Exactly as they stand, repeat the lines from the one containing "2023年元旦即將到來,感謝" through the final line of the listing, both ends included, and nothing else; skip the pictures.

### Data excerpt
__________

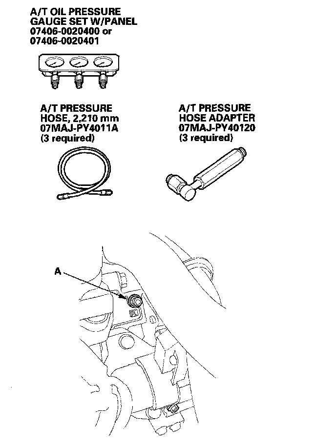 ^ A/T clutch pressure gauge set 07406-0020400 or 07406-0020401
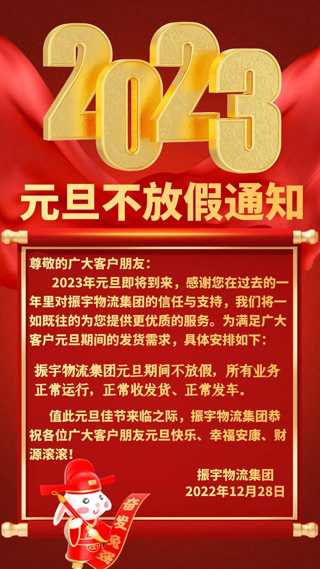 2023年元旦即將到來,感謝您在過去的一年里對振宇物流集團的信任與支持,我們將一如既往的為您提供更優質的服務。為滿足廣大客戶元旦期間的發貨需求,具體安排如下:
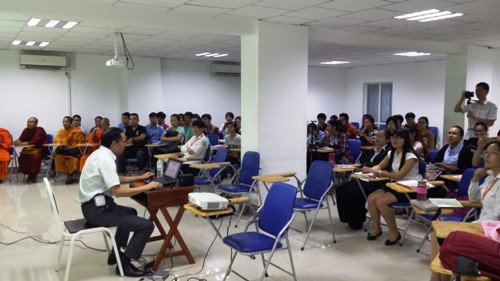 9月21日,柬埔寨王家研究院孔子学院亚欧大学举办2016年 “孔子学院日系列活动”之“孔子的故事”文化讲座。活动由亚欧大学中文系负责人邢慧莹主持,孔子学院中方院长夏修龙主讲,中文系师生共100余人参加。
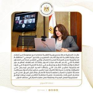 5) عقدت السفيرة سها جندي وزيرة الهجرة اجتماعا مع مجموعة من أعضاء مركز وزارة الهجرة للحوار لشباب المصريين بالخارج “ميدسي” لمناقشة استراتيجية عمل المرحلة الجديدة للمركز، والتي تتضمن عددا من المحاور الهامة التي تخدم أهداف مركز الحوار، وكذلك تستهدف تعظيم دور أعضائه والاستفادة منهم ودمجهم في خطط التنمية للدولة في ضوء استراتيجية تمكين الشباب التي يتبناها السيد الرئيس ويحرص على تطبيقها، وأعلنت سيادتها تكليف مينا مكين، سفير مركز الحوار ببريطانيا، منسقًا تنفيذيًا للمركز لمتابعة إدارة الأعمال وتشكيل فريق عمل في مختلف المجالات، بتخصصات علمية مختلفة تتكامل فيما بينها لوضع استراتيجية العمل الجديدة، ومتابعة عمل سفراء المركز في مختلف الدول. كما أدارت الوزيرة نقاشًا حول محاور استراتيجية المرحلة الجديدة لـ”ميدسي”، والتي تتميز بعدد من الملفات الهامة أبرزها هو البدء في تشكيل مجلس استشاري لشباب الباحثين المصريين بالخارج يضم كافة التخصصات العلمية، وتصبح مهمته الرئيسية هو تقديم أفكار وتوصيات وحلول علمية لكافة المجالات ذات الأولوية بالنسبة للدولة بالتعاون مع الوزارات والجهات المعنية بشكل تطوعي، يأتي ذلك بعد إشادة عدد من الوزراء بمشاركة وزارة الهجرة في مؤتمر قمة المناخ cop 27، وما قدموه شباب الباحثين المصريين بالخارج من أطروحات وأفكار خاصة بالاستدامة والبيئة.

__________

### Answer section
 2023年元旦即將到來,感謝您在過去的一年里對振宇物流集團的信任與支持,我們將一如既往的為您提供更優質的服務。為滿足廣大客戶元旦期間的發貨需求,具體安排如下:
 9月21日,柬埔寨王家研究院孔子学院亚欧大学举办2016年 “孔子学院日系列活动”之“孔子的故事”文化讲座。活动由亚欧大学中文系负责人邢慧莹主持,孔子学院中方院长夏修龙主讲,中文系师生共100余人参加。
 5) عقدت السفيرة سها جندي وزيرة الهجرة اجتماعا مع مجموعة من أعضاء مركز وزارة الهجرة للحوار لشباب المصريين بالخارج “ميدسي” لمناقشة استراتيجية عمل المرحلة الجديدة للمركز، والتي تتضمن عددا من المحاور الهامة التي تخدم أهداف مركز الحوار، وكذلك تستهدف تعظيم دور أعضائه والاستفادة منهم ودمجهم في خطط التنمية للدولة في ضوء استراتيجية تمكين الشباب التي يتبناها السيد الرئيس ويحرص على تطبيقها، وأعلنت سيادتها تكليف مينا مكين، سفير مركز الحوار ببريطانيا، منسقًا تنفيذيًا للمركز لمتابعة إدارة الأعمال وتشكيل فريق عمل في مختلف المجالات، بتخصصات علمية مختلفة تتكامل فيما بينها لوضع استراتيجية العمل الجديدة، ومتابعة عمل سفراء المركز في مختلف الدول. كما أدارت الوزيرة نقاشًا حول محاور استراتيجية المرحلة الجديدة لـ”ميدسي”، والتي تتميز بعدد من الملفات الهامة أبرزها هو البدء في تشكيل مجلس استشاري لشباب الباحثين المصريين بالخارج يضم كافة التخصصات العلمية، وتصبح مهمته الرئيسية هو تقديم أفكار وتوصيات وحلول علمية لكافة المجالات ذات الأولوية بالنسبة للدولة بالتعاون مع الوزارات والجهات المعنية بشكل تطوعي، يأتي ذلك بعد إشادة عدد من الوزراء بمشاركة وزارة الهجرة في مؤتمر قمة المناخ cop 27، وما قدموه شباب الباحثين المصريين بالخارج من أطروحات وأفكار خاصة بالاستدامة والبيئة.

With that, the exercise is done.